- Born: 1908 Salem, Massachusetts, U.S.
- Died: Nov 26, 1999 (aged 90–91) Marblehead, Massachusetts

Academic work
- Institutions: Johns Hopkins Bloomberg School of Public Health

= Philip Sartwell =

American epidemiologist (1908–1999)

Philip E. Sartwell (1908–1999) was a noted epidemiologist and professor at the Johns Hopkins School of Hygiene and Public Health.

== Education ==
Sartwell obtained a medical degree in 1932 from the Boston University School of Medicine, and in 1938 earned a master's in public health degree from the Harvard University School of Public Health.

== Career ==
After his formal education, Sartwell was the Assistant Director of the Division of Tuberculosis in the Massachusetts Department of Health for five years. In 1943, during World War II, he joined the U.S. Army serving as a major in the Epidemiology Section in the Office of the Surgeon General.

Sartwell joined the faculty at the Johns Hopkins University School of Hygiene and Public Health's Department of Epidemiology in 1947. He served as Chair of the Department of Epidemiology from 1954 to 1970. He served as the Editor-in-Chief of the American Journal of Epidemiology from 1957 to 1958.

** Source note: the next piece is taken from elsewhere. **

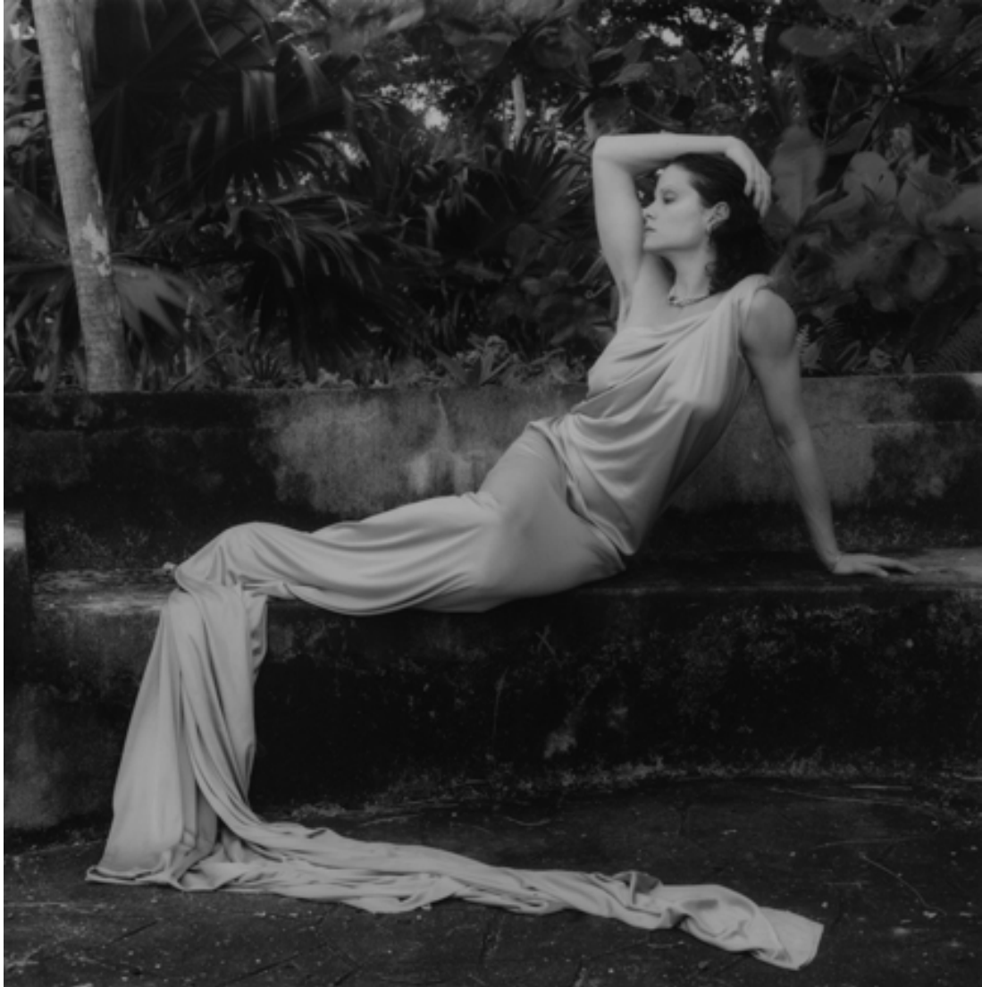
Lisa Lyon 1982 Silver gelatin print 38,5 x 38,5 cm

Sartwell additionally established the journal Epidemiologic Reviews and served as its first editor-in-chief from 1979 to 1982. Sartwell was additionally involved in the US Centers for Disease Control and Prevention's (CDC's) Epidemic Intelligence Service (EIS) on the team that trained the first class of EIS officers in the year 1951. He was the first president of the Maryland Public Health Association when it was founded in 1955.

== Research interests ==
Sartwell's epidemiologic research covered a wide range of fields. His work on the incubation periods of infectious diseases is highly regarded to this day and considered a foundation of modern infectious disease epidemiology. He is remembered for his work on the association between oral contraceptives and thromboembolism as well as breast cancer. He additionally assessed the harm of occupational exposure to radiation. His work included assessing the effectiveness of vaccination against influenza and polio. He is known for Sartwell's law.